# Lake Victoria under water.



## Craigthor (Jan 9, 2007)

Can anyone tell me what Lake Victoria looks like under water? Pics? When I set my tank up I would like it to be close to what it looks like.

Craig


----------



## Fogelhund (Dec 3, 2002)

There are sandy areas, weeded areas, rocky areas.... and everything in between... just like most VERY large lakes. Most of the fish available are rock fish though, so you can just set it up like a Malawi setting.


----------



## dementedarego (May 8, 2008)

Your best bet would be to pick a species and then study up. LEarn where they live and in what conditions, Then set your tank up and buy your fish. Chris


----------



## jb1edlover (Mar 21, 2005)

Honestly, Unless you have wild caught fish, your fish probably don't know what living conditions its supposed to live in... most breeders use "bare" bottom tanks because they are easier to clean. If you try to make the habitat "life like" its mostly for your viewing pleasure. As long as you keep the water clean and do your PH levels etc... the fish won't care if you use rocks, sand, gravel or even empty soda cans as decorations.
IMO


----------



## patrickeriksson (May 26, 2007)

Wild caught or tank raised does not matter. I don't think a wild caught fish remembers how it looked where it came from. To me the most important thing is to bring out the instincts and natural behaviors from the fish.

Fish that spawn in sand/mud pits should be given a substrate that is not too sharp or coarse that it will damage the eggs. The substrate should be fine enough that they can filter it out through their gills. Sometimes they will accidently pick up sand/pebbles during mating.
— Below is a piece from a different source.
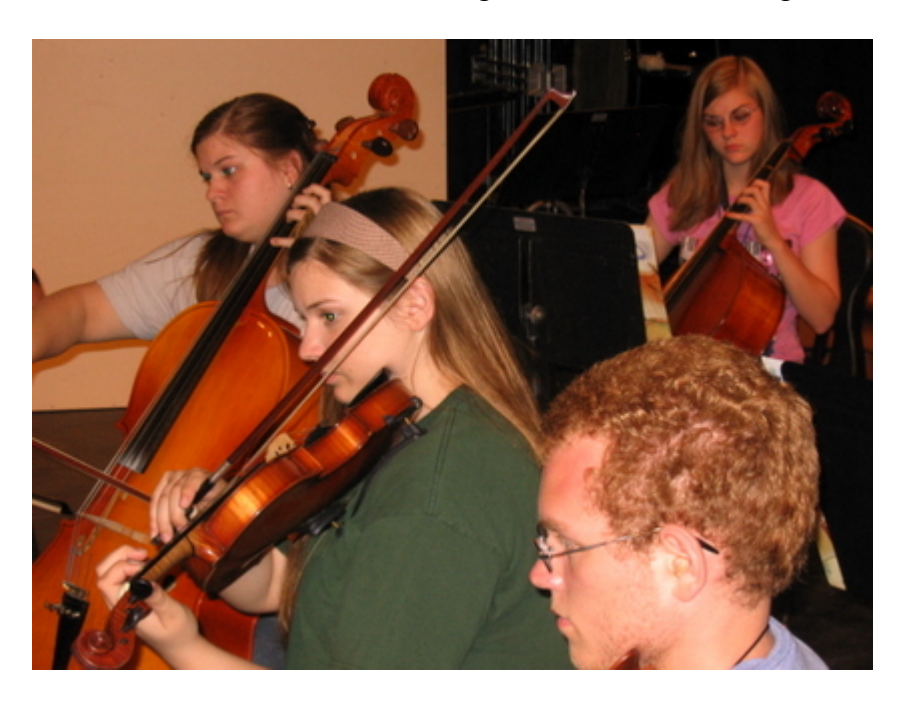
What can beat playing Mozart with festival friends on a warm summer day?

Herbivores such as Ruby Green will display a different more "natural" behavior in planted tanks. They spend a considerable amount of time picking algae off the leaves.

Ambush hunters such as Pyxichromis othostoma also use plants as cover looking for prey.

Even though most of my tanks are breeding tanks I still enjoy observing and studying the fish, so I try to keep my tanks as close to their natural habitat as possible, without going to extremes. It does take a bit of extra effort to keep the tanks clean, and to catch holding females, but in my opinion it's worth it.


----------